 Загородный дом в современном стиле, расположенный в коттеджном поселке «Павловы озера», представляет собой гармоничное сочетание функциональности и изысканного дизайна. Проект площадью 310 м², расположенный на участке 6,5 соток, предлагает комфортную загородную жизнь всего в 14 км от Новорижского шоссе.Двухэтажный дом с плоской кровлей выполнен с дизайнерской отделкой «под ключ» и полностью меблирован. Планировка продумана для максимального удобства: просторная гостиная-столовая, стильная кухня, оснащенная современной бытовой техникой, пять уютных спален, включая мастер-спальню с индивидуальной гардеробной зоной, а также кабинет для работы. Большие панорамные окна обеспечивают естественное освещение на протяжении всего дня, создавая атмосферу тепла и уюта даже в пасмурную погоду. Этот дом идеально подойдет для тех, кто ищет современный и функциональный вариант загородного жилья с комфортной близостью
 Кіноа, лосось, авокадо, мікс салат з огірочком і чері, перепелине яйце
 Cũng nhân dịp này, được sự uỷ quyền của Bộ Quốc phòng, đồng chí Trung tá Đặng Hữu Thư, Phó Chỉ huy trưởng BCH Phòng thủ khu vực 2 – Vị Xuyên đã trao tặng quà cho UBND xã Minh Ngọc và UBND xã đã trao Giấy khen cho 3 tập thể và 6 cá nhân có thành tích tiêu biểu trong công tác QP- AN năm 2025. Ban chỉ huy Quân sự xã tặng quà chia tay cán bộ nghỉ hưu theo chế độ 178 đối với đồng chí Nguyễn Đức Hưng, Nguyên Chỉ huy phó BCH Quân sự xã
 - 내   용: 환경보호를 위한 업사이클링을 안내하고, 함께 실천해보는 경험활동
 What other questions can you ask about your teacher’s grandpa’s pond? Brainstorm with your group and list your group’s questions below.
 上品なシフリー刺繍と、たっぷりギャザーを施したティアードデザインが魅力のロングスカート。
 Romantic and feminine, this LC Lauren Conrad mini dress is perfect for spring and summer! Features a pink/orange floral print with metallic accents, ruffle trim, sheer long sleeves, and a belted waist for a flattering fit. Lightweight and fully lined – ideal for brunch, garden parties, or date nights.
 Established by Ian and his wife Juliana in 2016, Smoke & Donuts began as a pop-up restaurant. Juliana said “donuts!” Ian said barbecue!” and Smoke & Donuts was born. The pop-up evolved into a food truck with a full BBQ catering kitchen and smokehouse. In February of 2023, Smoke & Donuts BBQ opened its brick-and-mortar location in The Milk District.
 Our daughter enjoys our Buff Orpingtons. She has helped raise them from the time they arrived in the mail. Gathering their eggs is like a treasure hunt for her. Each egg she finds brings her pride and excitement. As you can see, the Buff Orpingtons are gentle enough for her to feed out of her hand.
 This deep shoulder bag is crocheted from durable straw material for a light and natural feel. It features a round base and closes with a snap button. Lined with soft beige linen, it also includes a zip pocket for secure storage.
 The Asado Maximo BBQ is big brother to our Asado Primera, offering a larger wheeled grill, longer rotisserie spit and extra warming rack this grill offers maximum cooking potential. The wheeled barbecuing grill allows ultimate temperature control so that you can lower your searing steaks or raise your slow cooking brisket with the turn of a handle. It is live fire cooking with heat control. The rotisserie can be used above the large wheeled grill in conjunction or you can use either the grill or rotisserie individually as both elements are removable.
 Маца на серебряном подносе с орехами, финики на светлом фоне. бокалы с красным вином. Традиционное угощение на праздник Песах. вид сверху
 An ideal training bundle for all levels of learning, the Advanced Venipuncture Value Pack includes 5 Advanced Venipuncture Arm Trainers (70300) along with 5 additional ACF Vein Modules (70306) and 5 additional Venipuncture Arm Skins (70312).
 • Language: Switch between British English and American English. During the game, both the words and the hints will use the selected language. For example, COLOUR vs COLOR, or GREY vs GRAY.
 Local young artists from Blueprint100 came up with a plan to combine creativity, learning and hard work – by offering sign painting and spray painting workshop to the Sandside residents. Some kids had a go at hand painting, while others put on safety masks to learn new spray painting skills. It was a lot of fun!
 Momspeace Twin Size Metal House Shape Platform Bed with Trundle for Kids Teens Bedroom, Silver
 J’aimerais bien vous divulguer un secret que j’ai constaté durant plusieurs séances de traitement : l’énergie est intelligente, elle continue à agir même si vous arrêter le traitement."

* * * * *

> _Work to complete_: Give back, unchanged, the run of lines in the listing above that begins at the line containing "Кіноа, лосось, авокадо, мікс" and ends at the line containing "What other questions", both included.

> _Answer to the exercise_:
 Кіноа, лосось, авокадо, мікс салат з огірочком і чері, перепелине яйце
 Cũng nhân dịp này, được sự uỷ quyền của Bộ Quốc phòng, đồng chí Trung tá Đặng Hữu Thư, Phó Chỉ huy trưởng BCH Phòng thủ khu vực 2 – Vị Xuyên đã trao tặng quà cho UBND xã Minh Ngọc và UBND xã đã trao Giấy khen cho 3 tập thể và 6 cá nhân có thành tích tiêu biểu trong công tác QP- AN năm 2025. Ban chỉ huy Quân sự xã tặng quà chia tay cán bộ nghỉ hưu theo chế độ 178 đối với đồng chí Nguyễn Đức Hưng, Nguyên Chỉ huy phó BCH Quân sự xã
 - 내   용: 환경보호를 위한 업사이클링을 안내하고, 함께 실천해보는 경험활동
 What other questions can you ask about your teacher’s grandpa’s pond? Brainstorm with your group and list your group’s questions below.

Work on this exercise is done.